» **WHAT YOU NEED TO DO**: Everything from the line containing "Petite teen Polly" through the last line of the listing below should be returned exactly, except for pictures.

===============

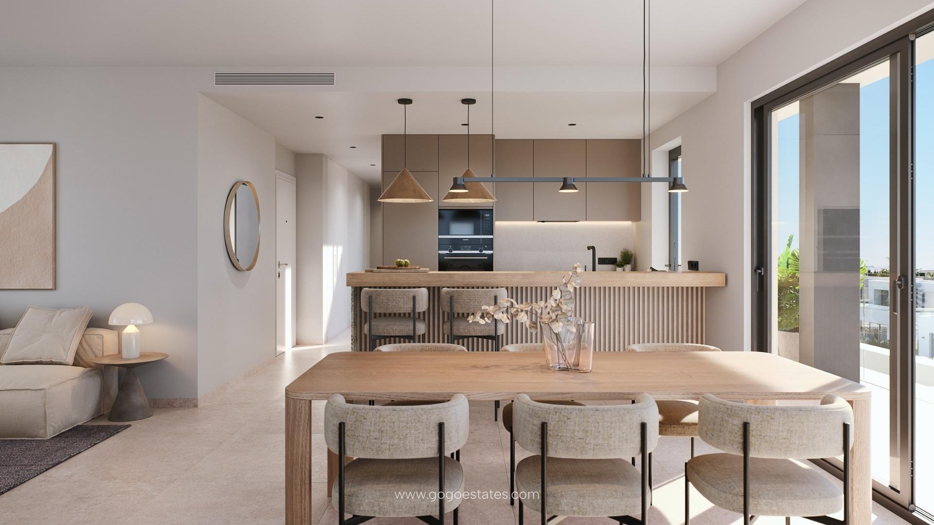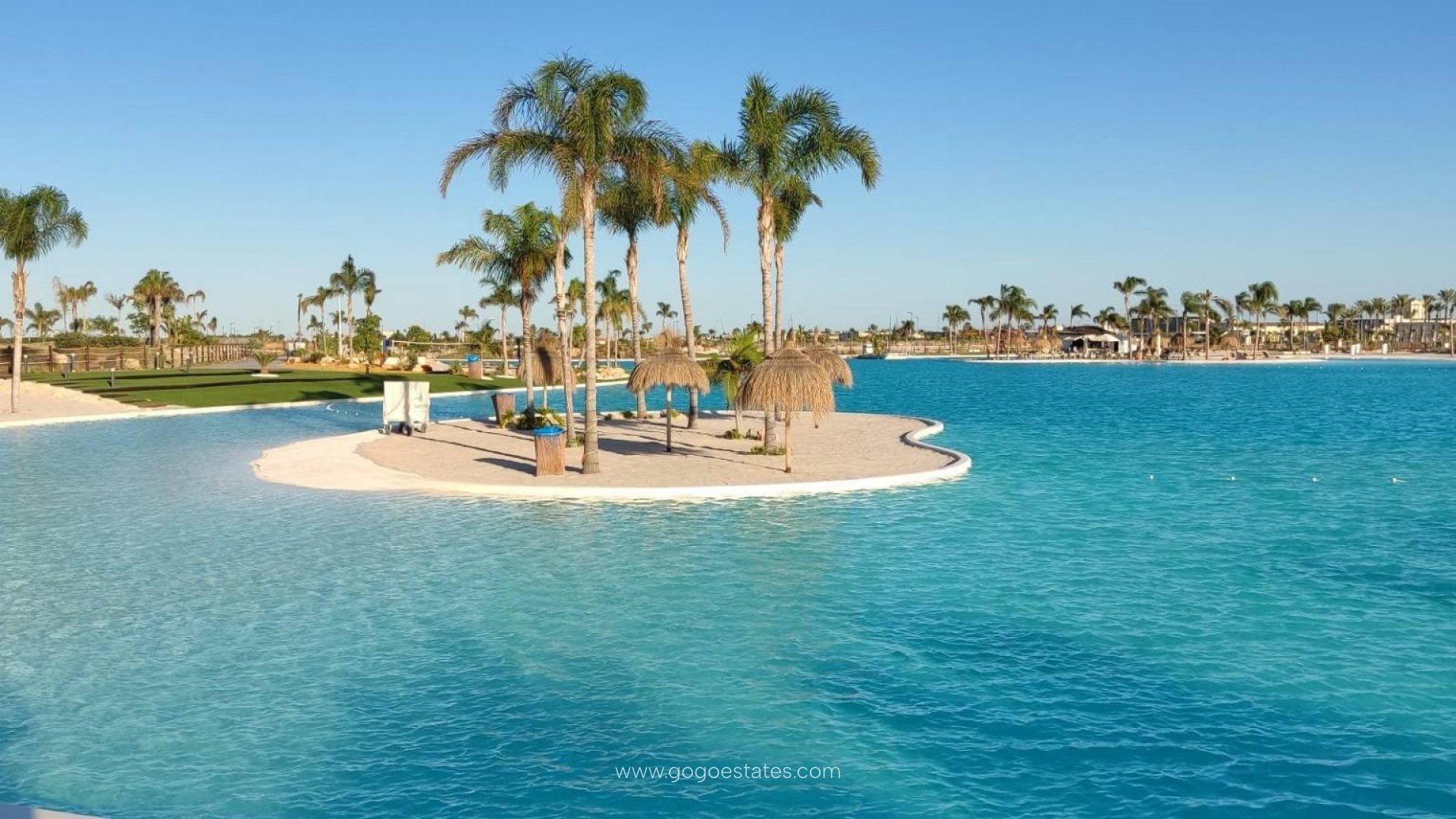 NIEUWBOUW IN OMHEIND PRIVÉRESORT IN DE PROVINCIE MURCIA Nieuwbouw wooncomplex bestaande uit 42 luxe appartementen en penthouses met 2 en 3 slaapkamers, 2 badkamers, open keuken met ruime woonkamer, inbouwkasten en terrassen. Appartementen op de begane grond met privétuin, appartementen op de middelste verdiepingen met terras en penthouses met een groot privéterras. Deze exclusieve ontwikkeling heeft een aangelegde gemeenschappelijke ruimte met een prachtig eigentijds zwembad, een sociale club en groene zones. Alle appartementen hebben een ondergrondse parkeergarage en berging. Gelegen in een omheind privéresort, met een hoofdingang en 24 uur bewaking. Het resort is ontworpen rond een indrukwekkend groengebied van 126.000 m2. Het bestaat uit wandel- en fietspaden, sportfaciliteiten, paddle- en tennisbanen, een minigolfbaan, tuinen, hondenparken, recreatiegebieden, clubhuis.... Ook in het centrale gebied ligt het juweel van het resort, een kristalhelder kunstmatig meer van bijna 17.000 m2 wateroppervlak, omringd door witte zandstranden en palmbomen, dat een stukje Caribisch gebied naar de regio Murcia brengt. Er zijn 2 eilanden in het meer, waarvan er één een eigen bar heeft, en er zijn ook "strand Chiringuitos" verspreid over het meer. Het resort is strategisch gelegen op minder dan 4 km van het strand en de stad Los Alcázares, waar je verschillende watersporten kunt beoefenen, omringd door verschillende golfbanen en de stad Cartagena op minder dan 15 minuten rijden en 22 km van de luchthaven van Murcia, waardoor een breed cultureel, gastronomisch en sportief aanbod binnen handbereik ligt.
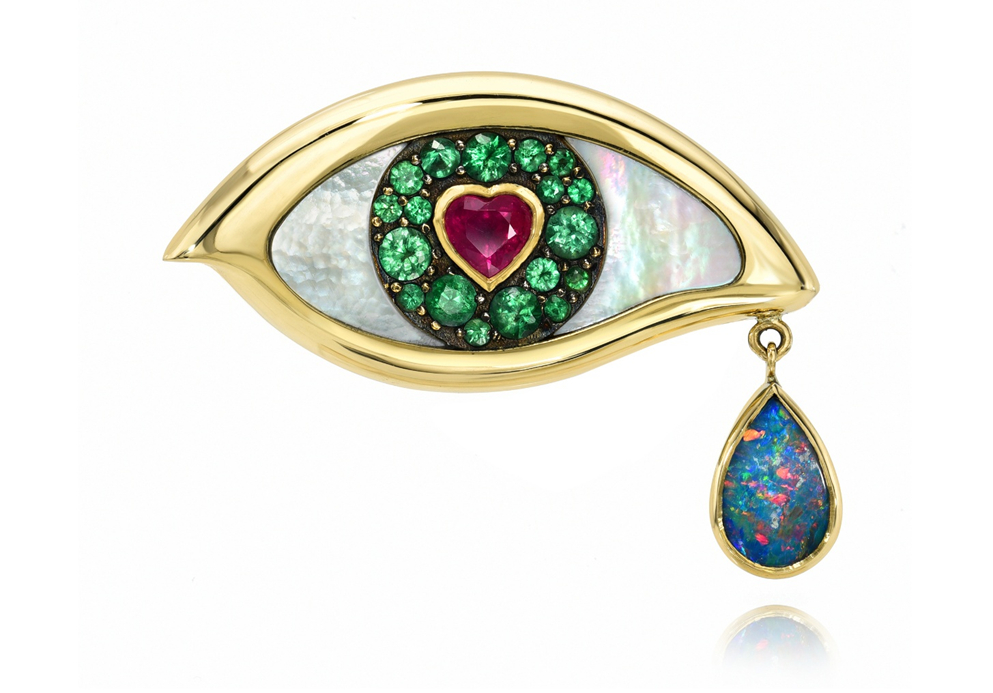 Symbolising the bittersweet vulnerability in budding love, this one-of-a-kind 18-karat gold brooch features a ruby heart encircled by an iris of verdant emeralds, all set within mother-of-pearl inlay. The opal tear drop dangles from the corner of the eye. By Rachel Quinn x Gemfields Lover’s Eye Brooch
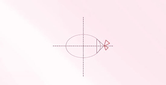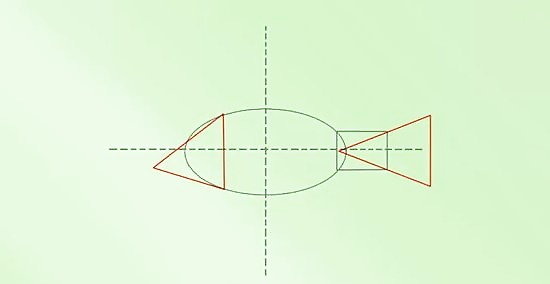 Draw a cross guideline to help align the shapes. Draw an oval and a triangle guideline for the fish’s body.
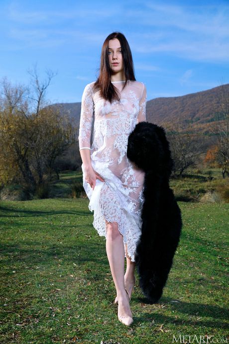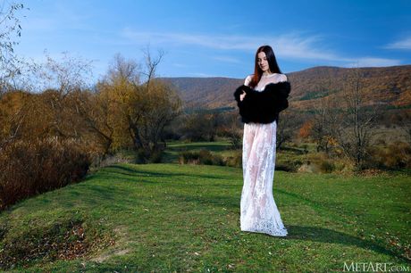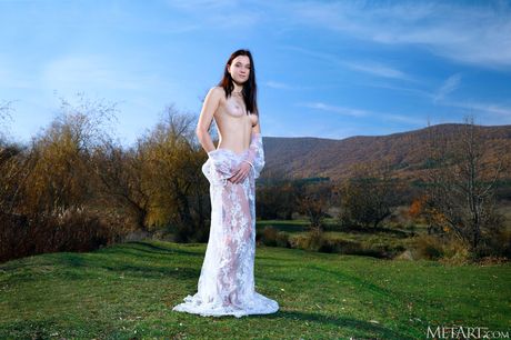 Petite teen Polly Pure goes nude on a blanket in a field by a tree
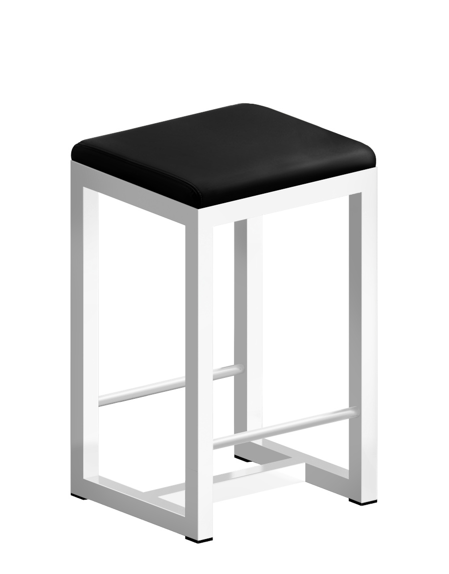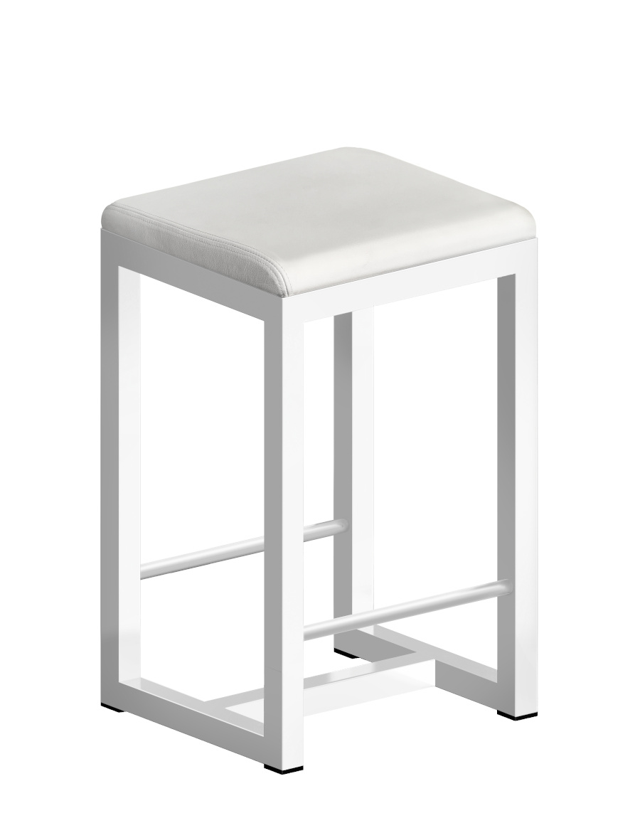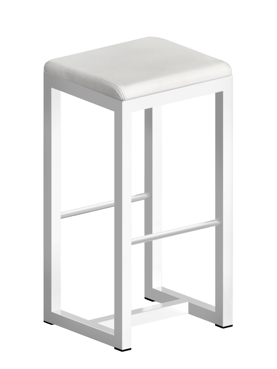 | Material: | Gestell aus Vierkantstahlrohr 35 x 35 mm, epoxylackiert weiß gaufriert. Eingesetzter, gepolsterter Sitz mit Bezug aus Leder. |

===============

» **YOUR RESPONSE**:
 Petite teen Polly Pure goes nude on a blanket in a field by a tree
 | Material: | Gestell aus Vierkantstahlrohr 35 x 35 mm, epoxylackiert weiß gaufriert. Eingesetzter, gepolsterter Sitz mit Bezug aus Leder. |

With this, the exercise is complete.